What is a Power-of-Attorney?
Lasting Powers of Attorney (POA) have been serving the public for centuries. It is a powerful legal document which allows an individual (Donor) to appoint a person of their own choice( the Attorney) to look after their affairs should day at any latest stage no longer wish to make these decisions all lack the capacity to manage their affairs themselves.
From October 2007 two new powers came into effect
Lasting Power of Attorney for Property & Financial Affairs
This allows the persons appointed (the Attorney) to make decisions about paying bills dealing with banks and investments, arranging and collecting benefits and even selling property on behalf of the Donor.
Lasting Power of Attorney for Health and Welfare
This allows the Attorney(s) to make decisions for the Donor such as care issues, where the Donor lives, and, where the Donor wishes, giving or refusing consent to life-sustaining treatment.
As the name of the power suggests (Lasting) both of these powers continue to be valid even after the Donor loses capacity. Once registered, a Lasting Power of Attorney for Property and Financial Affairs can be used by the Attorneys at any time HOWEVER a Lasting Power of Attorney for Health and Welfare can ONLY be used when the Donor has lost mental capacity.
Lasting Powers of Attorney have replaced Enduring Powers of Attorney in England Scotland & Wales but not Northern Ireland. EPAs made prior to the 1st October 2007 continue to be valid.
What is a Power of Attorney?
No doubt you have taken care to ensure that your assets go to the right people when you die by making a Will. If you care enough about what happens to your assets after you die, then you ought to care even more about keeping them and yourself safe while you’re alive.

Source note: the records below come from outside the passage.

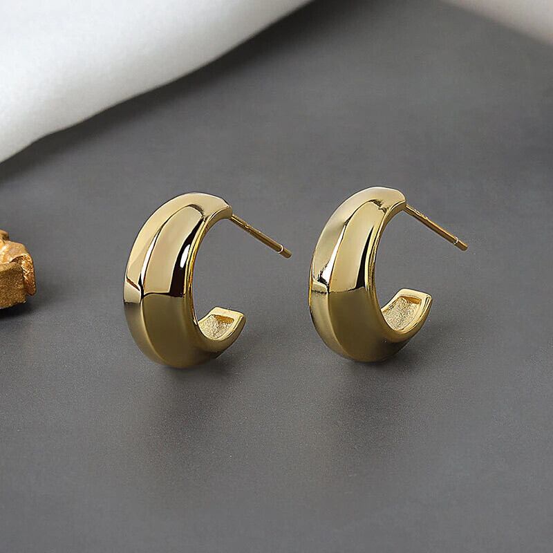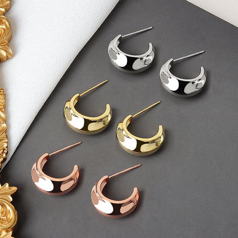 LIVVY シルバーカラー C 字型ワイド光沢イヤリング女性シンプルな幾何学的な耳の宝石 2021 トレンド 指輪 銀 Liv20042908005
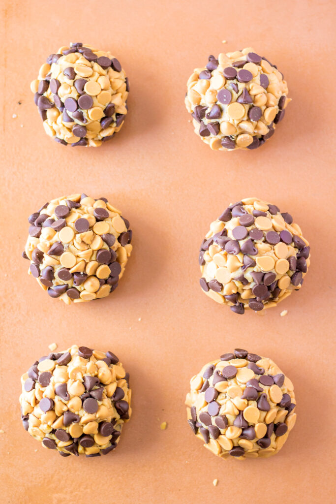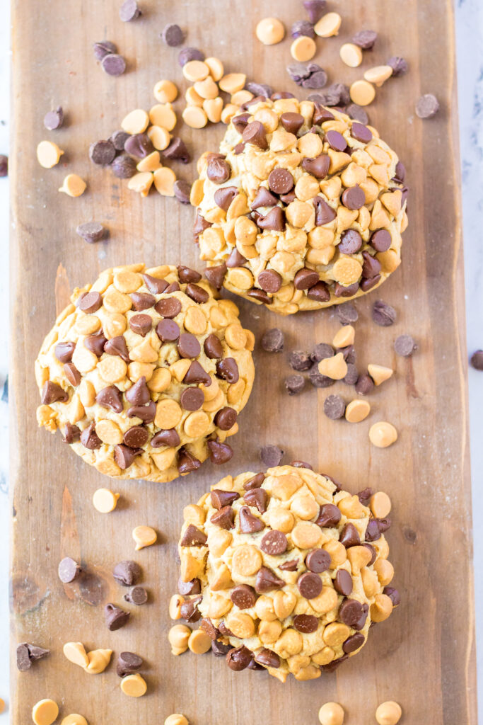 - Next press the remaining chocolate and peanut butter chips all over the top and sides of the cookies.
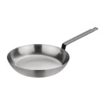 The Vogue carbon steel frying pan is a high quality 12 inch pan, featuring a robust and hardwearing handle with a practical loop at the end, perfect for hanging from hooks to save space. This carbon steel pan is great for busy kitchens with its superior heat retention and even heat distribution – it allows you to quickly and efficiently cook a variety of ingredients for all occasions. Seasoning the pan before use will ensure best cooking results. A superb quality professional frying pan.

If you were to suffer an accident and be confined to bed or hospital contract an illness or have a more serious accident that permanently incapacitates you or become mentally incapacitated as a result of old-age or some other reason then without an LPA in place the only way your financial affairs can be managed is buy an application (by a relative or someone close to you) being made to the Court of Protection for Deputyship
The application must provide personal information about themselves, their family, their finances and the relationship with the person they wish to help care for. Medical evidence also needs to be obtained.
This process costs a considerable amount of money and can take anything between 12 weeks and 10 months by which time your finances could be seriously damaged.

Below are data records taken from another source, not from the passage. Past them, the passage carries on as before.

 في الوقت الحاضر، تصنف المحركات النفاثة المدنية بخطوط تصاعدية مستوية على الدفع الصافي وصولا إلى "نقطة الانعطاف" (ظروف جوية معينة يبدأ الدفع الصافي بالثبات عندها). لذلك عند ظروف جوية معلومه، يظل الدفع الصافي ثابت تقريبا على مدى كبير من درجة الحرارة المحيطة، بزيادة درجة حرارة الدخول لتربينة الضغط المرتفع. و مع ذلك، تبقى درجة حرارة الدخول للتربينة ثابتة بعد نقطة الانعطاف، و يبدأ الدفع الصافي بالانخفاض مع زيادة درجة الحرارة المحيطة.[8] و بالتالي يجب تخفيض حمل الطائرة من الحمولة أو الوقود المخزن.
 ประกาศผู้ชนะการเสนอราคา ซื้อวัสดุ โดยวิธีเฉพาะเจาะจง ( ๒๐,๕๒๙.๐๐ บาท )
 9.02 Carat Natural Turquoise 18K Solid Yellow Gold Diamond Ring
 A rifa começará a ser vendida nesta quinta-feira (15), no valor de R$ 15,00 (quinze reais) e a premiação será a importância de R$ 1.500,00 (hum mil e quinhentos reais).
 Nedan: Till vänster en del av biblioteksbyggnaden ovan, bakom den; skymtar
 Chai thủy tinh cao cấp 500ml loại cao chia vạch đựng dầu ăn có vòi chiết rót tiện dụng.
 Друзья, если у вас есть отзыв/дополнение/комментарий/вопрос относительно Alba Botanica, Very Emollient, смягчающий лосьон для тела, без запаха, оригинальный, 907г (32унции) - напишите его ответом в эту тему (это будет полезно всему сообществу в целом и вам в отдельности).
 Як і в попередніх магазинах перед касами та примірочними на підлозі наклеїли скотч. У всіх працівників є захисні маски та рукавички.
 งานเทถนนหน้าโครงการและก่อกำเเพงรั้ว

Even worse, a judge will make the final decision as to who is appointed as the Deputy and this may not be who you would have wished to manage your affairs.
The appointment does not even have to be a family member, preferring to appoint a Panel Deputy, either retired solicitors or barristers who work for the Office of the Public Guardian (OPG) or a Local Authority
While the Court of Protection is important to safeguard the interests of people who don’t have close friends or family, if you want your loved ones to be able to care for you and make decisions on your behalf you should ensure that you make an LPA while you are still able to do so. Below are some of the reasons why you should make a Lasting Power of Attorney (LPA) in preference to a judge appointing a Deputy to manage your affairs.
You have no control over who is appointed as your Deputy. This may not be who you would have wished.
There are also Court fees involved and the Deputy has to take out a Security Bond to cover their actions. This is paid annually and the amount is set by the Court. The more assets a person has the higher the Bond. Depending on your Supervision Order the Court can also take a retainer. This amount is not disclosed until your application is agreed and is, again, dependent on the amount of assets the person has. Supervision fees are also applied annually and vary
The judge issues a Deputy Order setting out the extent of the powers granted to the Deputy, for example not being allowed to write cheques over £500 without the Court’s permission.
Any major decisions, such as selling a property, require the Court’s permission.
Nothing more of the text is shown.